Knowing that we matter to someone else is a need we all share, and it brings a sense that we are valued, loved, known, included and wanted. However, sometimes it’s hard to let others know just how important they are to us.
Tami Schow, a licensed professional counselor-intern, with Planting Seeds Christian Counseling, offered a few tips on how we can improve our relationships by letting others know how much they really matter to us.
Greet people with smile. If your face lights up when they enter a room, they know they matter to you.
Say “goodbye” when they leave or “goodnight” before going to sleep. This simple act lets the person know that the time that was spent together was special and their absence will be noticed.

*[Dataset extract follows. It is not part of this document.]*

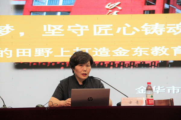 全国劳动模范、中国好校长、全国践行社会主义核心价值观先进人物,金东区教体局副局长、金东区实验小学校长方青以“35载潜心追梦,坚守匠心铸魂育人”为主题,声情并茂地讲述了自身从乡村教师到小学校长,一步步成长为全国人大代表的奋斗故事。她表示,劳模的意义在于用个人的劳动托举起自己梦想的同时,更要影响、带领一群人。她勉励教职工要敬业、爱业、勤业、乐业,真心细心用心关爱学生,要坚定理想信念,坚持不懈,坚定不移教好书、育好人。
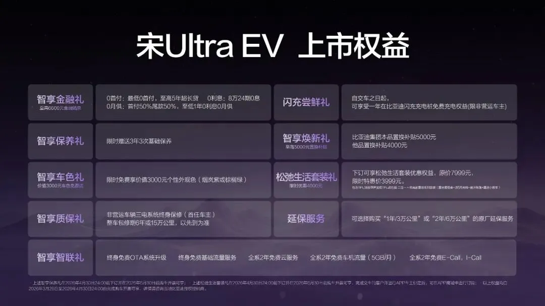 比亚迪王朝宋Ultra EV 共4款车型,包括605KM领先型、605KM超越型、710KM超越型和710KM卓越型,官方指导价15.19万-17.99万元。新车全系搭载比亚迪第二代刀片电池及闪充技术,同时拥有710公里CLTC纯电续航、天神之眼B、云辇-C、TBC高速爆胎稳行系统等豪华配置,为消费者带来全新的纯电出行方式,全面开启闪充时代。比亚迪王朝正在构建一个从购车、用车、到养车的全链路无忧体系。为此,宋Ultra EV带来了“0元购、0元用、0元养”的超重磅购车权益!同时还有其他丰富权益,为用户带来超值购车体验。宋Ultra EV全系标配超100项实用配置,包括第二代刀片电池及闪充技术、主副驾座椅记忆、带遮阳帘的全景天幕、电动后尾门、15.6寸大屏、前备箱电动解锁、前排远端气囊、螺纹接口等,入门即满配,绝对是2026年最值得入手的SUV。在本次发布会的现场,比亚迪汽车王朝网浙闽战区大区经理张怡超先生也为杭州地区的宋Ultra EV车主进行了专属的交车仪式,与用户一同开启闪充赋能的出行新篇。本次宋 Ultra EV杭州上市,以全面越级实力搭配诚意满满的购车权益,树立B级纯电 SUV 全新价值标杆,必将成为市场爆款。未来,比亚迪将继续以技术创新为核心,以用户需求为导向,引领消费者开启便捷、舒适、安全的纯电出行时代。

Check in with them during times apart. For a spouse or child, this may be a call in the middle of the day. For a friend or extended relative, it might be a phone call once a week or month to say “Hey, just checking up on you to see what’s happening in your life.” Calling only when you need something sends the message that their importance to you is only for what they can do for you. Calling with no agenda communicates that their relationship is important to you.
Remove any distractions and make eye contact when talking to someone. This may mean stopping whatever activity you are engaged in to give your full attention to the other person, particularly the use of your electronic device. We live in a world that values multi-tasking (and electronic devices). However, there are times when we long to know that we are the most important activity of that moment.
Validate the other person’s perspective and emotions. You may not agree with their point of view or have the same emotional response, but you can indicate to them that you understand how they might have that reaction. Just because their opinion or emotional reaction does not line up with yours does not mean that it is wrong, it’s just a different perspective.
Accept their influence. Knowing that we have made a positive impact on someone’s life is powerful. Allowing the important people in your life to offer advice or share their experience with you sends the message that you value their contribution to your life. This doesn’t mean that you follow everything they tell you to do. However, you can listen to their input, take in what represents your values and discard what doesn’t.
Be grateful for what they do, what they give, who they are; even those parts that you don’t necessarily find enjoyable. I’m reminded of the story of the child being told to write a thank you note to grandma for the ugly sweater she gave him for his birthday. The child objected because he was not thankful for the sweater; he wanted a toy truck. Mom’s gentle reply, “That may be true, but you are thankful for grandma.”
If you are longing to matter and have these sentiments reciprocated, know that these acts are contagious and apt to bounce back to you as you create an environment rich in demonstrating that other people matter to you.